In a randomized trial, experienced developers worked in their own codebases with AI tools and came away convinced the tools had made them about 20 percent faster, while the measured result was 19 percent slower. A product can feel helpful while it works against its user, and neither building it nor using it daily reveals the difference, because the difference only shows up under inspection.

Each chapter in this part ended with a recommendation you could ship. This chapter assembles them into that inspection, an audit you can run in about an hour on any AI product, yours or a competitor's, and finish with a written list of where the product works against its user. The recommendations come from our essay The Human Factors, and why AI products need human factors covers the science underneath them.

Audit the product, not the model underneath it

The same model now sits under many products, and each product puts it in front of a different person doing a different job. The human factors show up where that person meets that product, so there is nothing to audit at the model level.

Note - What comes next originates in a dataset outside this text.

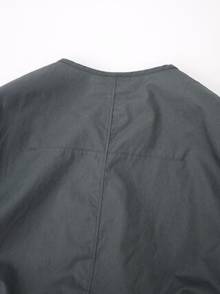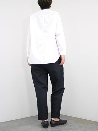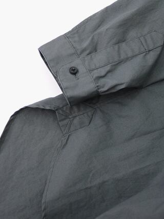 コーミングした綿を使用したやや高密のブロード生地を使用したノーカラーシャツ。ゆとり感のある定番シャツ。しわにもなりにくく、通年で着用できる一着です。

You cannot audit a model. You can only audit a product in the hands of its user, because that is where the human factors live.

The Claude family shows the separation. One model runs the chat product, where a wrong answer costs a re-prompt and the controls stay light, and the same model runs Claude Code, where a wrong command can cost real work, so the product asks permission before it edits files or runs shell commands. The model is identical, so each product needs its own audit.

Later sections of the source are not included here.